Through this initiative, Ms Khumalo provided peer counselling to adolescents and young women about how to prevent HIV and about broader sexual and reproductive health. She visited schools and communities, offering information and support to help young people protect themselves against HIV.
Around 60% of Eswatini’s HIV response was funded by PEPFAR, however, in January the US cut all funding for HIV and issued a stop-work order for Young Heroes, forcing them to scale back their services. Ms. Khumalo lost her job.
Now unemployed and unable to reach the vulnerable young people she once served, Ms Khumalo fears for the safety of young women and girls in her community, where transactional sex between older men and young women, often motivated by poverty, and sexual and gender-based violence remain widespread. “I’m scared for the future of young people,” she said. “Without these HIV programmes, who will protect them?”

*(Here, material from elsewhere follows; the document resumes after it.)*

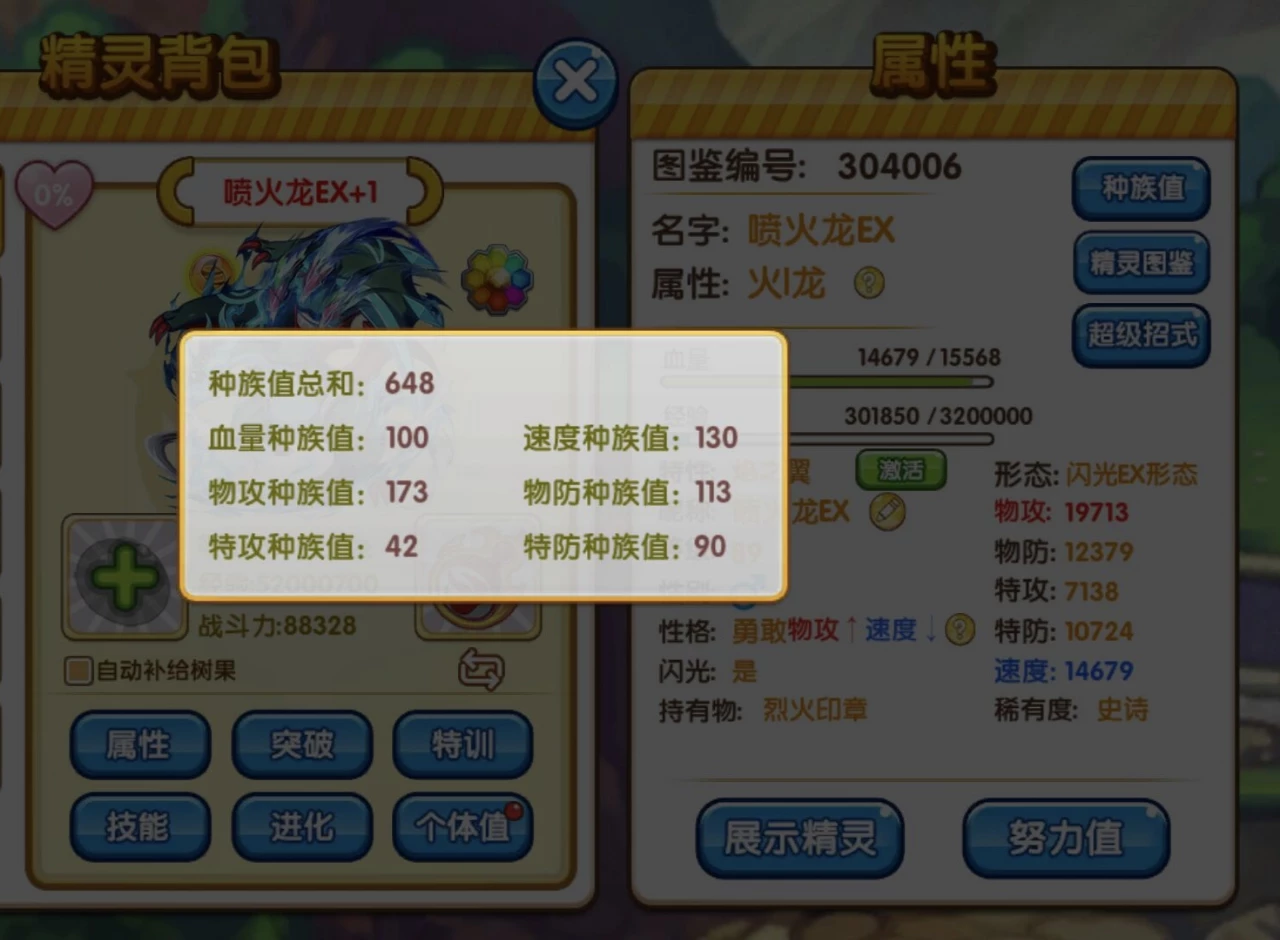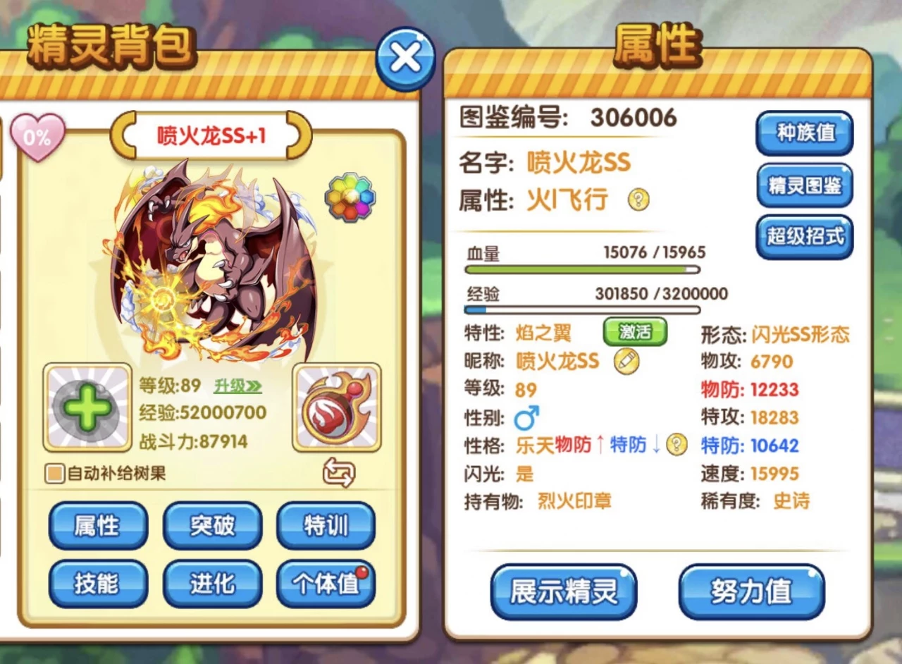 分析:上图还是闪光形态面板,说实话,不是闪光真爱不建议大家玩,毕竟种族差距有点大,这个相当就是在普通Y喷的形态上予以强化,速度特攻还行,但相对于一线来说还差点,它的特性上面在保留原来的旱灾之外,还增加它新的炎之翼,说实话,如果这个特性是像火鸟一样出场自带天气还算有搞头,但是让队友配合开天气就有点划不来,除非你是玩的晴天队,不光它吃天气,队伍里还有其他宠像火猪之类的也蹭了天气,那还可以,但单一的天气队真不怎么样,遇到不克制还行,晴天暴力推别人一队,但是如果对手有克制宠比如海皇牙巨沼怪之类的,那就容易翻车了。

Nosipho Sacolo, a young woman living near the capital city of Mbabane expressed her fears. “After managing to stay free from HIV for so many years, we no longer have the services to protect us.”
UNAIDS Country Director for Eswatini, Nuha Ceesay says HIV prevention services—many of which are now closed—have been a game changer in Eswatini.

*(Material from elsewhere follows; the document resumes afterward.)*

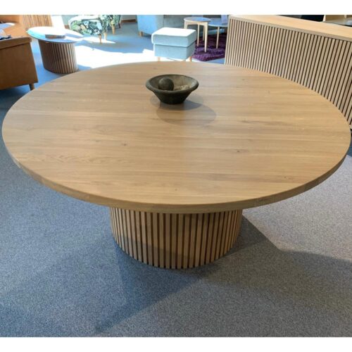 Timo runt matbord i massiv vitoljad ek. Timo matbord ger ett pampigt intryck med en massiv bordsskiva med en tjocklek på 40mm som mäter 160cm i diametern.

“Eswatini has made huge progress in preventing new HIV infections, with new infections falling by 73% since 2010,” he said.
The country still has some challenges, according to him. More than 1300 young women and adolescent girls are infected every year. And nearly twice the number of women are living with HIV compared to men.
UNAIDS and partners are concerned that the abrupt halt to PEPFAR supported HIV prevention programmes could reverse the gains that have been made.
A local network of non-governmental organizations (NGOs) working to ensure access to primary health care for people in Eswatini—including populations at high risk of HIV infection—CANGO, says the PEPFAR pause could have dire consequences for the country's HIV response, including a rise in new infections among young women and girls. "85 000 people were benefiting from the support, (now) all the people who were working in the sector, who were supporting our people living with HIV, are now sitting at home," said CANGO Executive Director, Thembinkosi Dlamini.
With PEPFAR’s support Eswatini had managed to ensure 93% of people living with HIV were on lifesaving antiretroviral treatment. This is one of Principal Secretary of the Ministry of Health, Khanyakwezwe Mabuza’s main concerns. “Treatment is not something you can skip,” he said. “We have to make sure that people continue to get their life-saving treatment.”
Meanwhile, Ms Khumalo is still hoping that the government and partners will not abandon the peer outreach workshops. Her livelihood and countless others depends on it as do the people they are helping to stay free from HIV.